No, you have to have 2 separate licenses, and 2 separate disks (one 32bit and one 64bit).

I prefer the XP Professional version myself.

So do many of my customers and friends :)

If I had to pick a Vista version, ultimate would probably have to do :p

Haha same here... I prefer Windows XP Professional... but I got use to Vista now.

The only thing I like about Vista honestly is the taskbar preview function and new Alt-Tab, and Aero Glass.

Now if I could have that in XP.... atleast the preview.......

Home Premium beats Ultimate overall. Ultimate only has a few extra features which are usually pointless in corporartions; which is where Vista Business comes in. IMO, Home Premium is the cheaper and fulfilling alternative to Ultimate.

I've used Ultimate, and it seems to be slower on my computer. Not to mention boot-time is about 2 seconds longer due to the Vista Boot Loader? (Premium doesn't have this) Ultimate also has useless features like BitLocker; a flash drive-based key used to unlock your computer's hard drive for use.

Ultimate costs about $100 more than Premium, yet it only comes with 2-3 newer features... Ultimate IS the AIO version of Vista, which is somewhat useless when you can have most features from Premium or Business alone.

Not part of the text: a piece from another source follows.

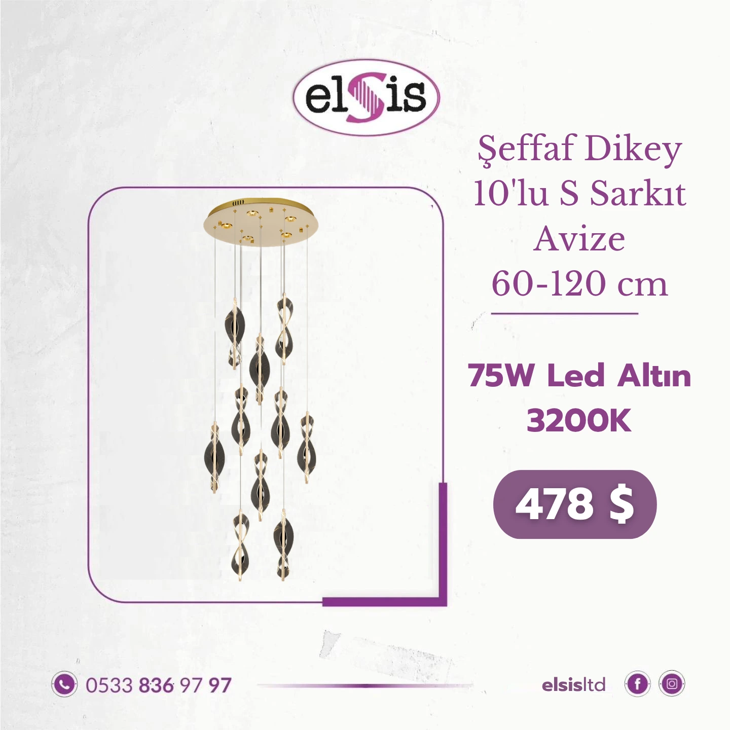 Altın Şeffaf Dikey 10'lu S Sarkıt Avize

If you need both Premium and Business at once, then Ultimate is your only choice.

I agree with you Skilltrail... Ultimate costs alot more and only has a few more features that some of us wont use, or can use using other programs. (or am I just speaking for myself).

I use Vista Home Premium (came with my computer) and I'm fine with it.

I'm not sure if I would benefit with Vista Ultimate.

Edited by mujjuman

I upgraded last night to Ultimate because it was only $65 with my student discount. NOT worth it. The only thing that could really be useful (to me) is the shadow copies. Plus it took forever, when I have heard of clean installs being done in half an hour.